(Directions) Could you retype the lines below, starting at the line holding "Learn how to" and stopping at the line holding "Titanium Internal Triple", inclusive? Copy them exactly and drop the images.

___ Extracted records ___

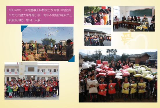 太平厚德小学,位于江西省赣州安远县太平镇,属于农村贫困地区,2008年9月,在我司董事王林梅女士号召下,由佳合丰及王林梅朋友共同出资援建,一直以来,厚德小学成为我司对口捐助的希望小学。大到教学楼的扩建,小到一批批的教学用具,孩子们的饭盒、棉被,我司每年都会不定期的进行捐助,屡次派员工代表驻校支教,经过多年的发展,学校从原来十几名学生扩大到现在的500名学生,让那些读不起书的孩子也有了对美好未来的憧憬,当然孩子们也没有辜负那些关爱他们的好心人士,这几年连续拿得全镇第一名的好成绩,相信在不久的将来,你们的人生更加美好!
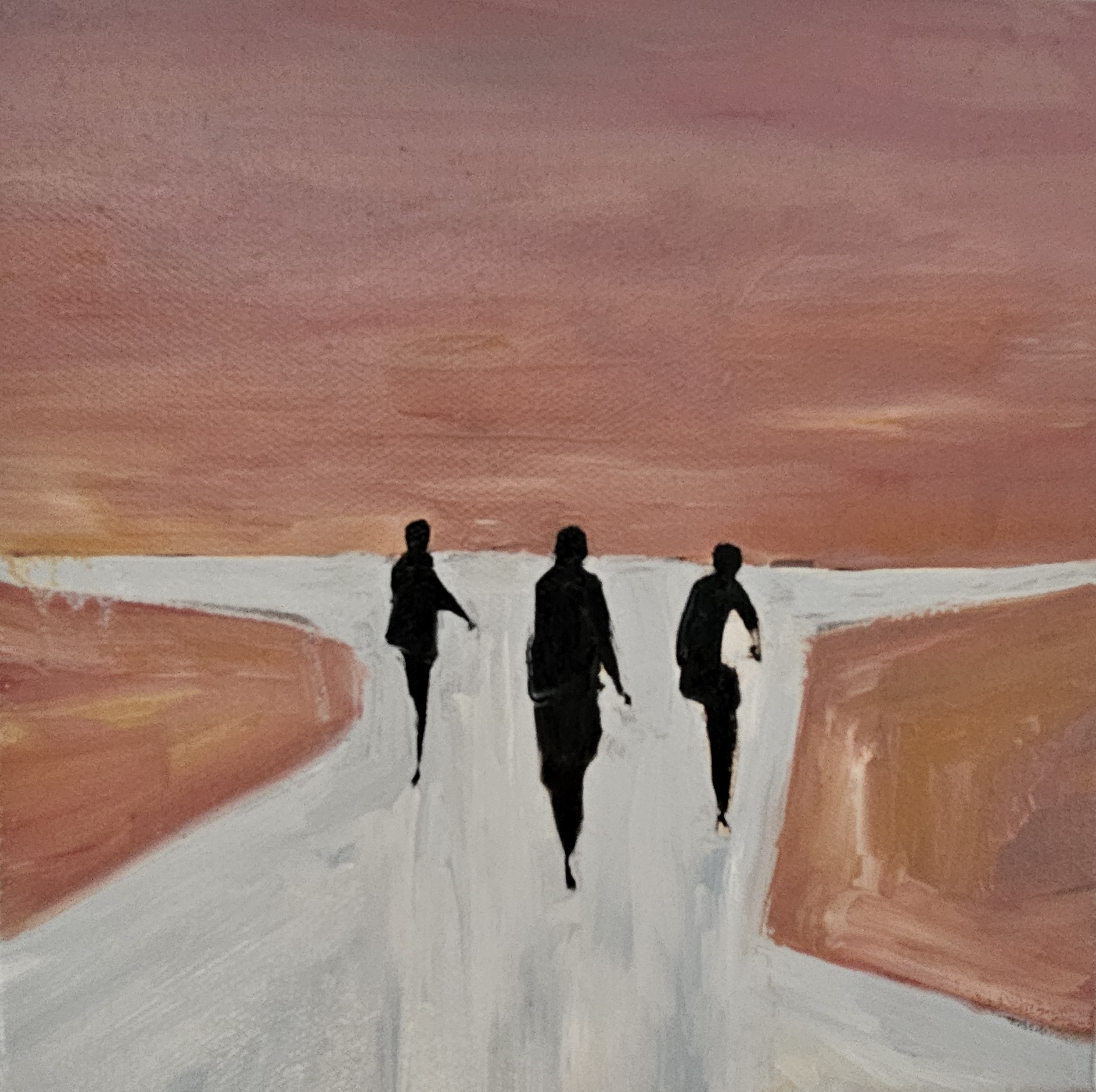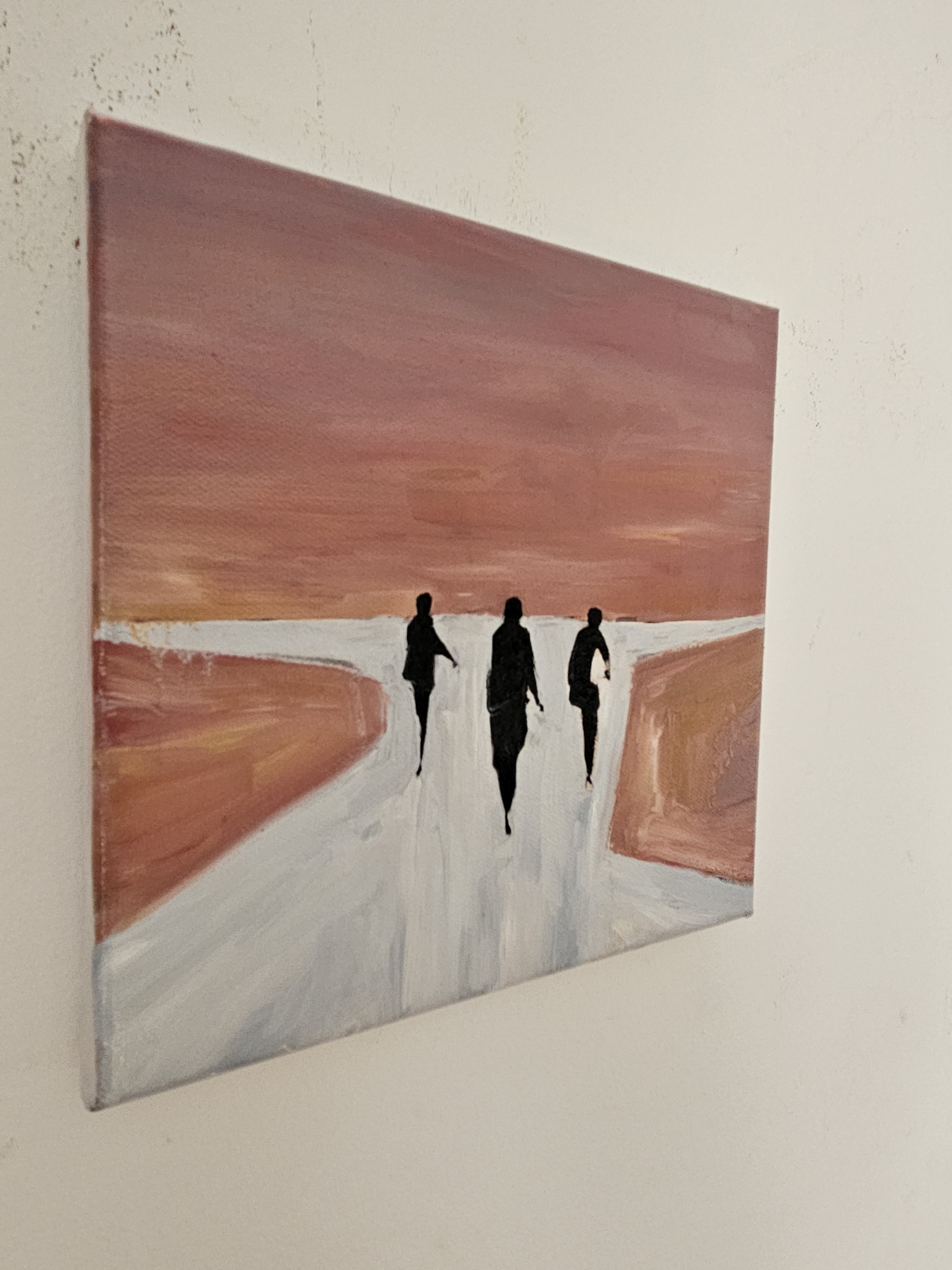 Na obrazie widzimy trzech ciemnych sylwetek, które idą drogą w stronę horyzontu. Niebo malowane jest ciepłymi, brzoskwiniowymi i różowymi tonami, które pięknie kontrastują z bielą drogi. Sama scena jest nieco tajemnicza i melancholijna, przypomina moment zamyślenia, gdzie wszystsko zwalnia. Artysta używa raczej prostej palety barw, co sprawia, że skupiamy się głównie na kształtach i dynamice ruchu postaci. Improwizacja formy, niemal jak w jazzie, gdzie czasami najważniejsze są te pauzy, zatrzymania. Wygląda to jak zaproszenie do wyobraźni, a atmosferę wzmaga odrealnienie tła. Styl malarski jest minimalistyczny, może trochę impresjonistyczny, z grubo nałożoną farbą kreującą teksturę. Czasami mam wrażenie, że te postacie symbolizują nas samych, naszych przyjaciół na drodze życia. Czy czasami nie ma się wrażenia, że droga przed nami to wielka nieznana? Dla dziecka może to być po prostu "trzy cienie bawią się w chowanego". Sam czuję spokój i jednocześnie lekki niepokój o to, co się za chwilkę stanie. Eyes on the horizon, jak mówią, choć niepewność jest zdecydowanie mocnym elementem w tej pracy.
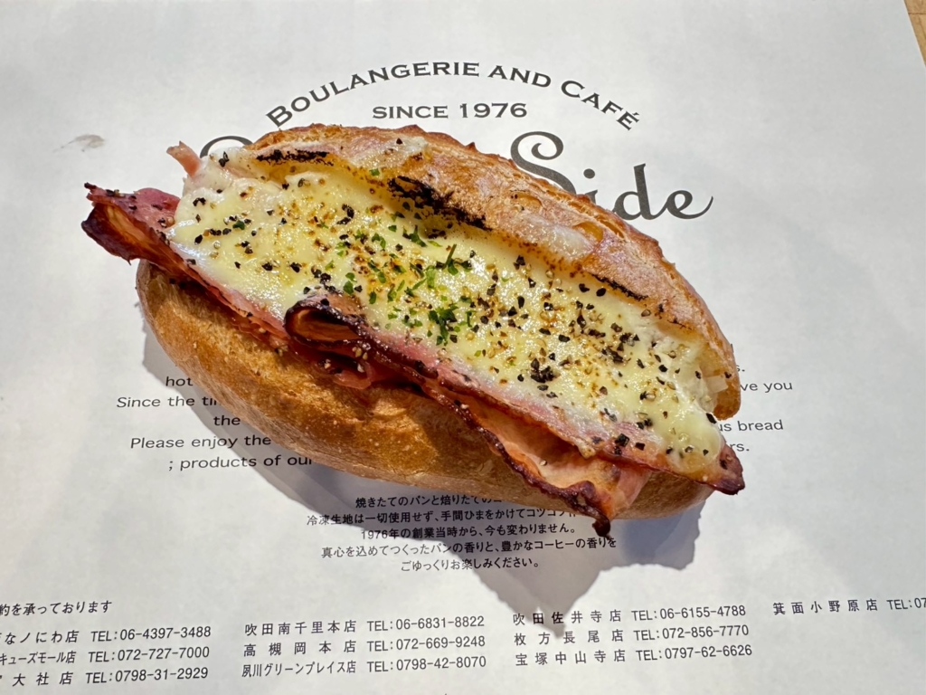 フランスパンにベーコンとジャーマンポテトをはさみブラックペッパーで仕上げました。
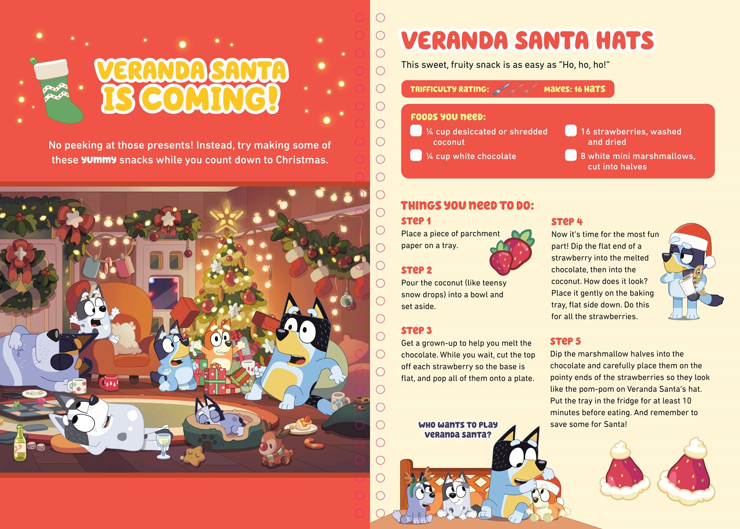 Learn how to make strawberry Veranda Santa hats, Bartlebee toast, roast pork with crackling, and more! This cookbook includes 13 yummy recipes that are perfect for making a deliciously fun Christmas with your friends and family, and the book can lay flat to make it easy to read while cooking.
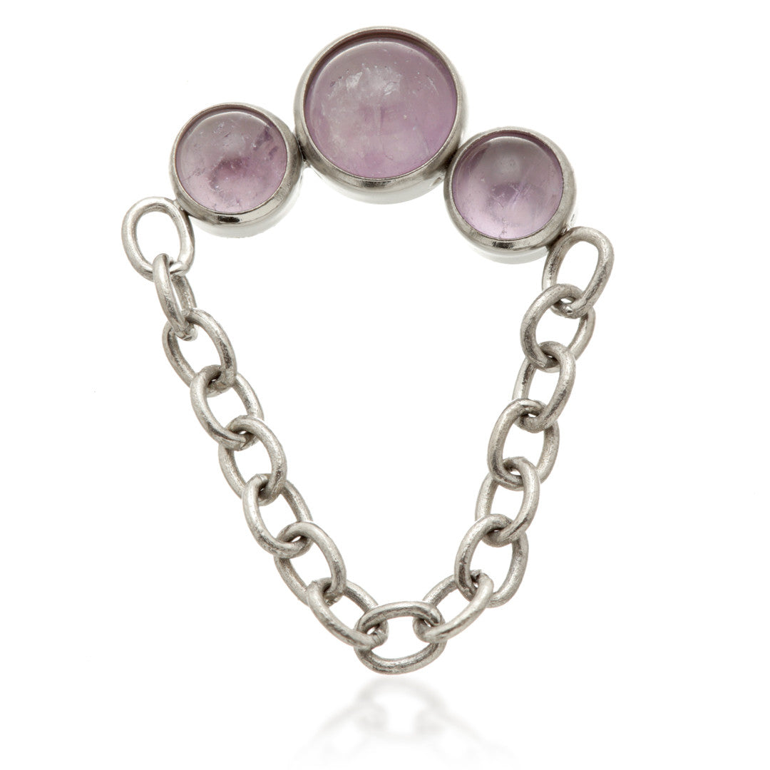 Titanium Internal Triple Amethyst Stone Bezel with Hanging Chain Attachment Gauge: 1.2mm (0.9mm thread) Attachment Size: 5mm x 10mm Stone Sizes: 3+4+3mm Chain Length: 20mm Stone: Amethyst Medical Grade Titanium 6Al-4VEli ASTM:F-136
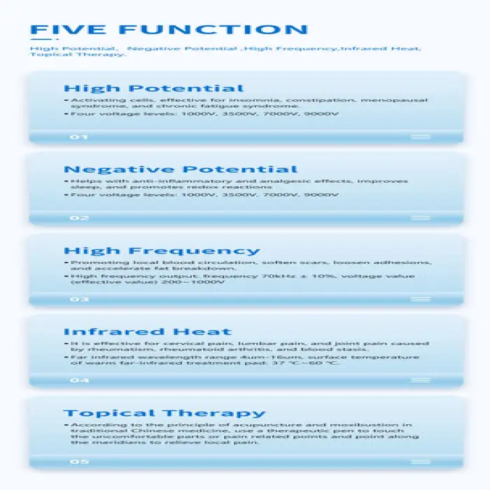 The 9000V Electric Potential Therapy Machine is designed to enhance body health, relieve pain, support better sleep, and promote overall wellness through high potential and negative potential therapy.

___

(Result)
 Learn how to make strawberry Veranda Santa hats, Bartlebee toast, roast pork with crackling, and more! This cookbook includes 13 yummy recipes that are perfect for making a deliciously fun Christmas with your friends and family, and the book can lay flat to make it easy to read while cooking.
 Titanium Internal Triple Amethyst Stone Bezel with Hanging Chain Attachment Gauge: 1.2mm (0.9mm thread) Attachment Size: 5mm x 10mm Stone Sizes: 3+4+3mm Chain Length: 20mm Stone: Amethyst Medical Grade Titanium 6Al-4VEli ASTM:F-136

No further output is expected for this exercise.